The survey, which includes respondents representing firms with over US$4trn of assets under management, said 87% of those asked did not see a rapid bounce back to pre-crisis economic levels and growth rates, instead they expected any recovery to be either “U, W, or L” shaped.

Meanwhile, the data showed that 55% of respondents expected the “severe” economic impact of the crisis to have ended by the third quarter of 2020, however, 23% said it could last until the fourth quarter of the year.

Bearish for 2020 but bulls could return

Looking ahead, 60% of investors surveyed said they were ‘bearish’ in their outlook for the remainder of 2020, while 25% were neutral in their outlook.

However, BCG highlighted that respondents were “increasingly bullish” for 2021 and 2022, with 55% either bullish or extremely bullish for the next calendar year, rising to 63% for the year after.

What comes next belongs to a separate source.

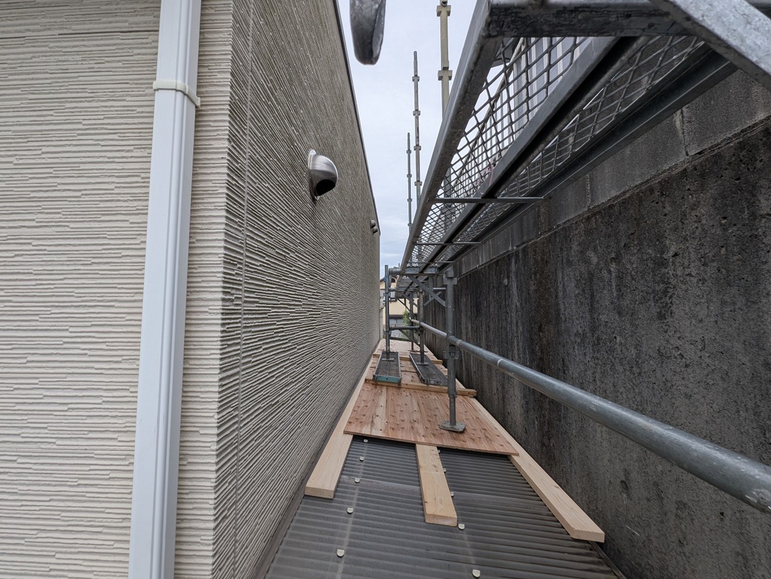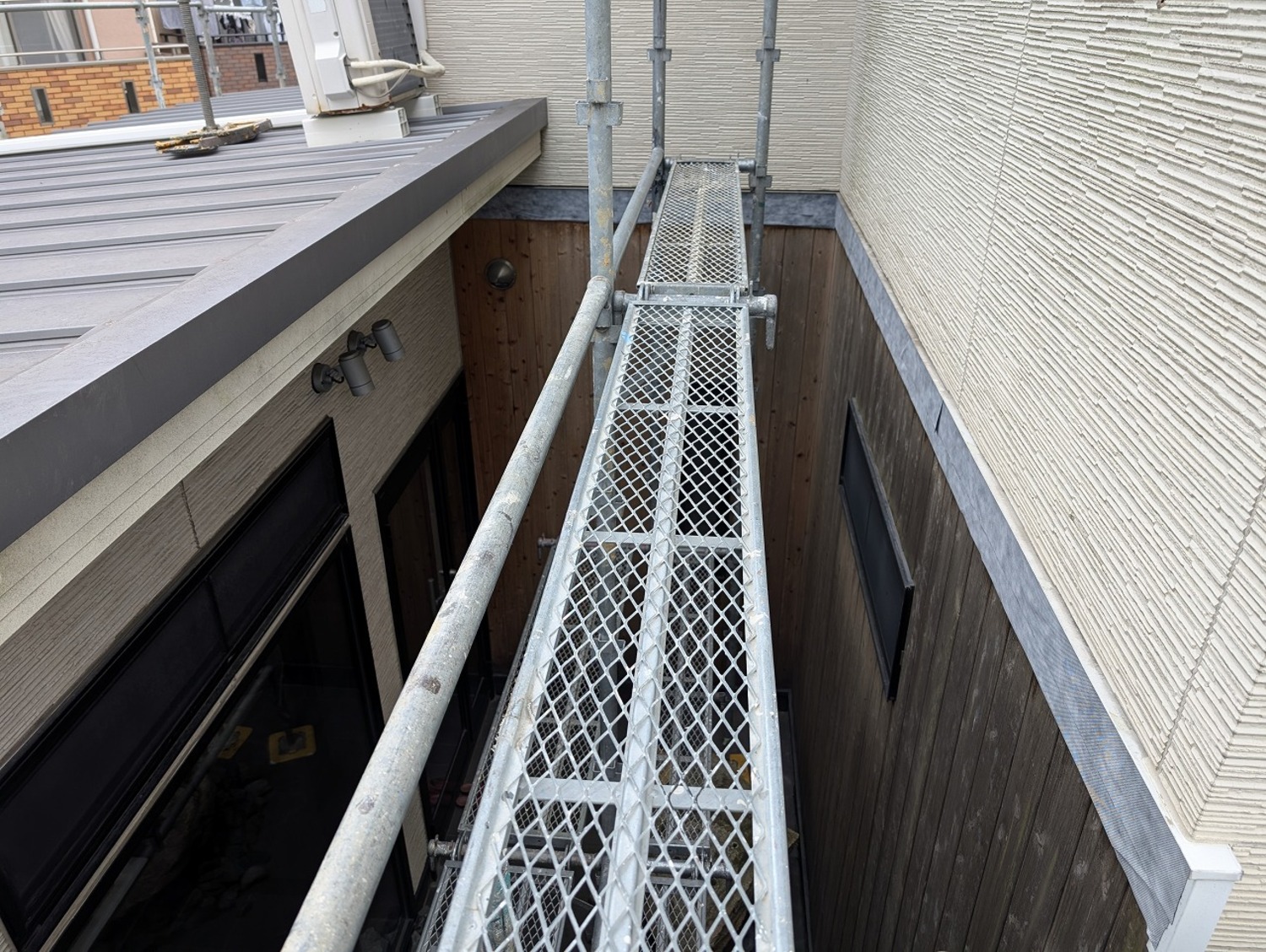 完成写真ポリカの屋根がかかっているところは、割らないように板をひいて気を付けながら足場を設置し、作業を行いました。中庭や下屋などがあるので、足場を掛けるのもしっかりと検討して設置しました。
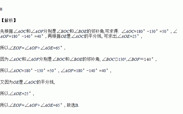 如图,直线AB,CD相交于点O,OE是∠AOC的平分线,∠BOC=130°,∠BOF=140°,则∠EOF的度数为( )

Companies given “unexpected” flexibility to weather downturn

For companies themselves, BCG indicated that while investors had clear expectations, they also appeared to be offering “financially healthy companies unexpected flexibility to navigate the crisis”.

The survey showed that 79% of investors wanted firms to provide or revise guidance for the current fiscal year within the next three months, but only 56% thought it was important to deliver earnings per share (EPS) in line with revised guidance for the current year.

Instead, the survey showed 89% of respondents wanted company directors to prepare for the economic “bounce back”, building advantaged business capabilities to “drive future growth—even if it means guiding to lower EPS or delivering below consensus”.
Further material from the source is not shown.